The Son of God’s Incarnational Epic

The Incarnational Arc of Creation

Therefore, even in the midst of judging the old creation and its mangled narrative, God begins anew. He speaks forth a new narrative of creation through his gospel promise (Gen. 3:15). God’s promise is effective speech; creation gains its identity from its story. Thus, in order to redeem creation, God had to speak forth a new story. The historical narrative of redemption culminated in Christ’s recapitulation of the old creation (Rom. 5, 1 Cor. 15) and its transcendence in the resurrection. 
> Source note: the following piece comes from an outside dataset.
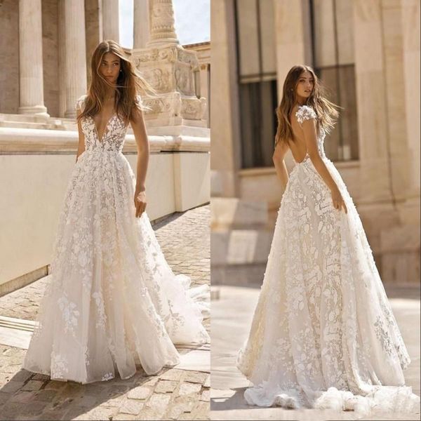 Fashionbride Women S Bohemian Wedding Dresses Short Sleeve V Neck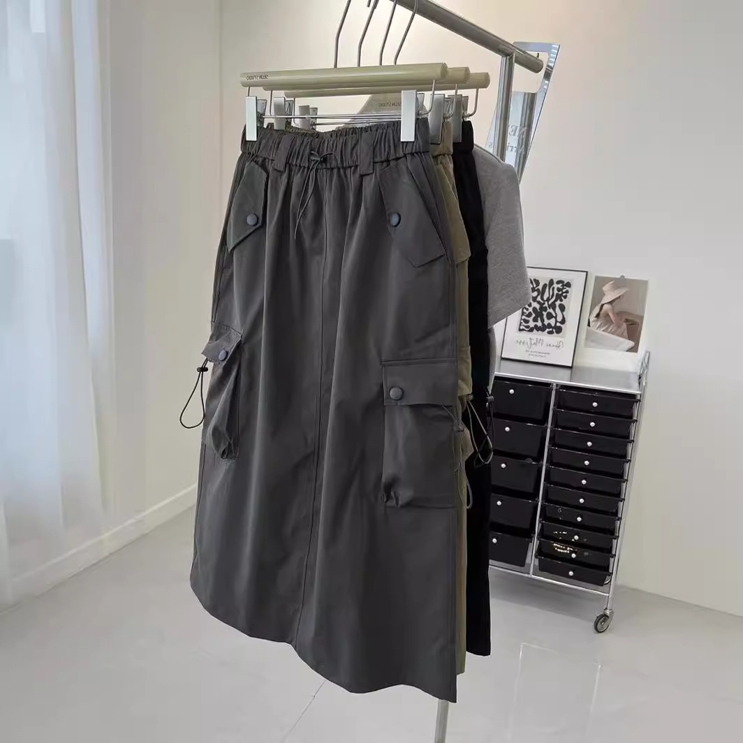 春夏新款韩版高腰复古工装半身裙女开叉显瘦A字裙宽松口袋中长裙

Every act of human rebellion within the biblical narrative meets with both an act of judgment and an act of grace. God’s possibilities are not exhausted by those of his established protological order and law. These are hardwired into creation as an expression of the eternal divine will, but they do not exhaust the divine will. God is not merely the necessary being of the philosophers, but as Eberhart Jüngel puts it, God is the “more than necessary being.”1 

The new creation does not negate the old creation, but envelops it, and incorporate it into itself. The incorporation of the old creation into the new creation is analogous to the eternal Son’s incorporation (enhypostasis) of an impersonal human nature into his center of identity (anhypostasis).  In this way, the tragic narrative of the Fall becomes a subplot in the comic story of redemption.